Il y a une volonté forte du Gouvernement de restaurer l’équilibre de nos finances publiques, c’est une question de responsabilité. L’ensemble des ministères sont mis à contribution. Ces efforts s’accompagnent aussi d’une volonté de simplifier la vie des entreprises en supprimant les petites taxes affectées. Il n’y a pas de volonté politique de pénaliser vos filières. Par exemple, en 2018, pour la filière Fruits et Légumes, 28 projets ont été financés pour un montant de subvention de 4,93 M€, soit près de 48 % des financements disponibles sur la partie expérimentation du CASDAR.
Le bio est un axe de développement de l’agriculture française. Quels sont les moyens à mettre en œuvre pour faire face à la demande croissante des consommateurs ?
L’agriculture biologique française est au cœur de mon action. Avec le programme Ambition Bio, c’est 1 Md€ pour faire de la France un leader en Europe et une place réservée en restauration collective. Pour accompagner le programme Ambition Bio 2022, trois leviers financiers seront particulièrement mobilisés : le renforcement des moyens consacrés aux aides à la conversion avec 200 M€ de crédits Etat ; 630 M€ de fonds FEADER, auxquels s’ajouteront les autres financements publics, et à compter de 2020, un apport de 50 M€ par an par la redevance pour pollutions diffuses (RPD) ; un doublement du fonds de structuration « avenir bio » géré par l’Agence bio, porté progressivement de 4 à 8 M€ par an ; une prolongation et une revalorisation du crédit d’impôt bio de 2 500 € à 3 500 € jusqu’en 2020.

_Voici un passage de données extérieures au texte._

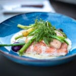 Dillpicklad sparris med dillsås, laxtartar, späda blad och sparrisoljedressing

N’y a-t-il pas d’autres solutions que le bio pour arriver à une agriculture durable, rentable et en phase avec les attentes du consommateur ?
La différence fondamentale est que l’agriculture biologique est un signe officiel de qualité et d’origine qui repose sur un cahier des charges partagé au niveau européen et un système de contrôle et de certification indépendant. C’est un signe distinctif fort qui permet d’assurer la transparence vis-à-vis du consommateur, basée sur un cahier des charges rigoureux et un système de contrôle associé. Toutefois, les autres démarches sont intéressantes et doivent être valorisées dès lors qu’elles s’inscrivent dans la transition agroécologique. Par exemple, le réseau des 3 000 fermes DEPHY témoigne de la faisabilité de déploiement de solutions alternatives aux produits phytopharmaceutiques dans des fermes pratiquant l’agriculture dite conventionnelle. La mise en valeur de ce type de démarche relève de la certification environnementale des exploitations agricole, via le logo HVE. Le ministère et les filières travaillent pour le valoriser, en complément de l’agriculture biologique.

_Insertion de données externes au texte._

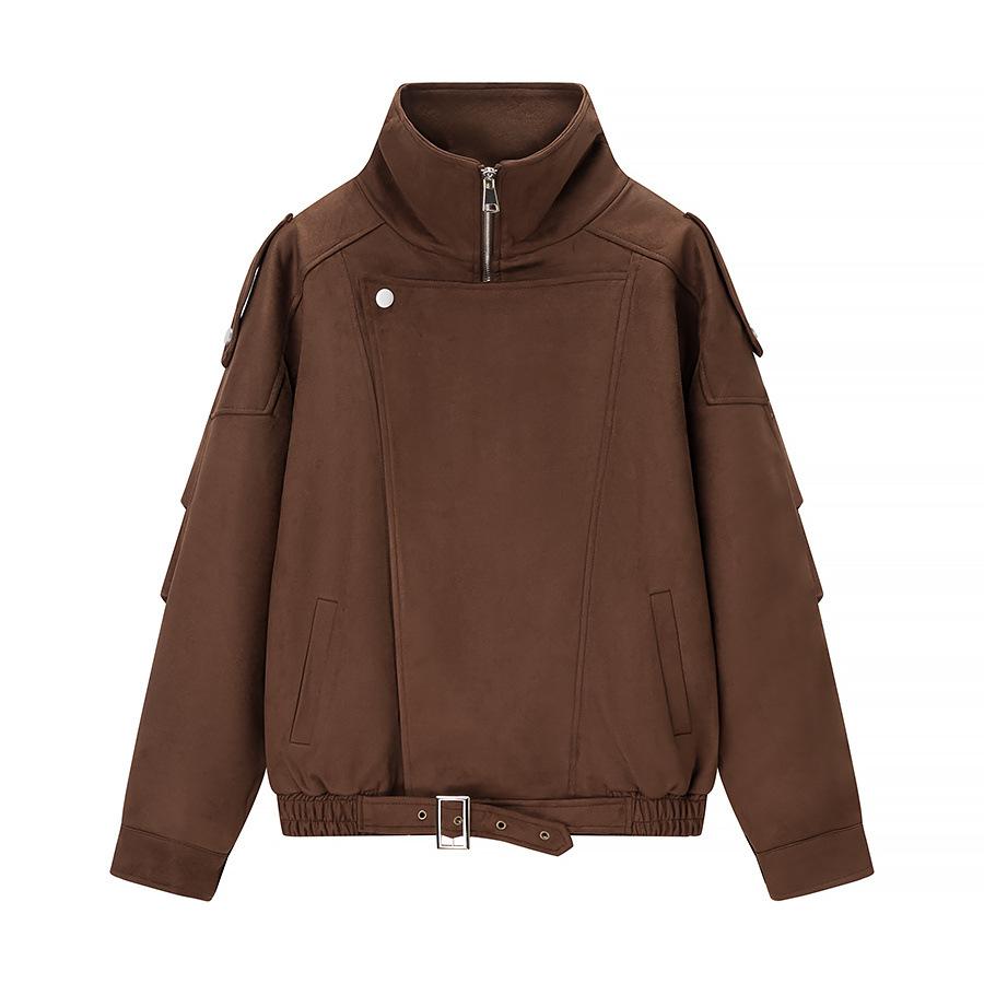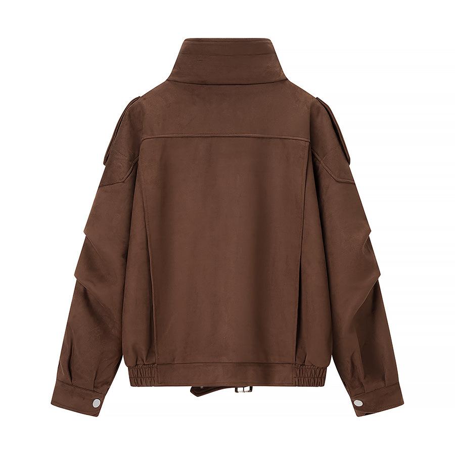 Europa y América transfronterizo 2025 Otoño Nuevo Ropa de Mujer Maillard Moda Retro Casual Gamuza Suelta Chaqueta Abrigo para Mujer

La filière fruits et légumes a souvent l’impression de ne pas être entendue. En particulier, l’intermédiation éprouve des difficultés à être reconnue comme interlocuteur par les pouvoirs publics. Pourtant, les grossistes assurent 90 % des approvisionnements de la restauration collective, un secteur primordial pour le développement de la consommation de fruits et légumes. Que cela vous inspire-t-il ?

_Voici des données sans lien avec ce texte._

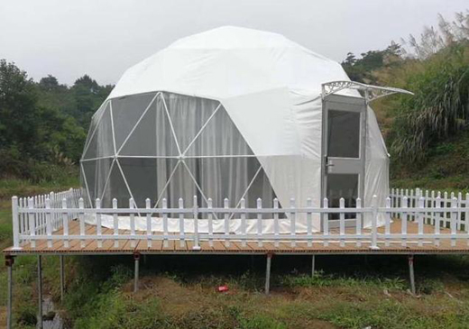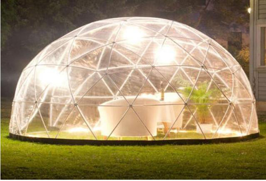 水晶屋使用的是鋼骨架和耐侯塑料膜,骨架搭以三角形,一是這樣的構(gòu)造更加的穩(wěn)因,二是為了做成切面形式,圓頂設(shè)計(jì)更加的時(shí)尚。它的材質(zhì)更是綠色環(huán)保,不會輕易的腐壞生銹,所以使用的壽命比較長。

Nous souhaitons renforcer la place des interprofessions dans la structuration des filières : elles ont acquis une responsabilité forte dans le cadre des EGA. Les interprofessions ont vocation à représenter l’ensemble des maillons d’une filière. C’est parfois un équilibre difficile à trouver mais auquel il faut veiller. En complément, la loi EGALIM comporte des dispositions favorisant la montée en gamme des approvisionnements de la restauration collective, avec l’objectif de 50 % de produits bio, sous signe de qualité ou locaux d’ici 2022. De nombreux fruits et légumes sont bien entendu éligibles à ces catégories et le plan de filière des fruits et légumes est à saluer, qui fait de la montée en gamme un axe stratégique de son développement. Au-delà de ces cadrages nationaux, ce sont les initiatives locales qui permettent véritablement d’avoir les solutions adaptées aux spécificités des territoires, de leurs habitants et de leur tissu économique, au travers des projets alimentaires territoriaux. Les grossistes peuvent prendre toute leur part dans cette dynamique de projets.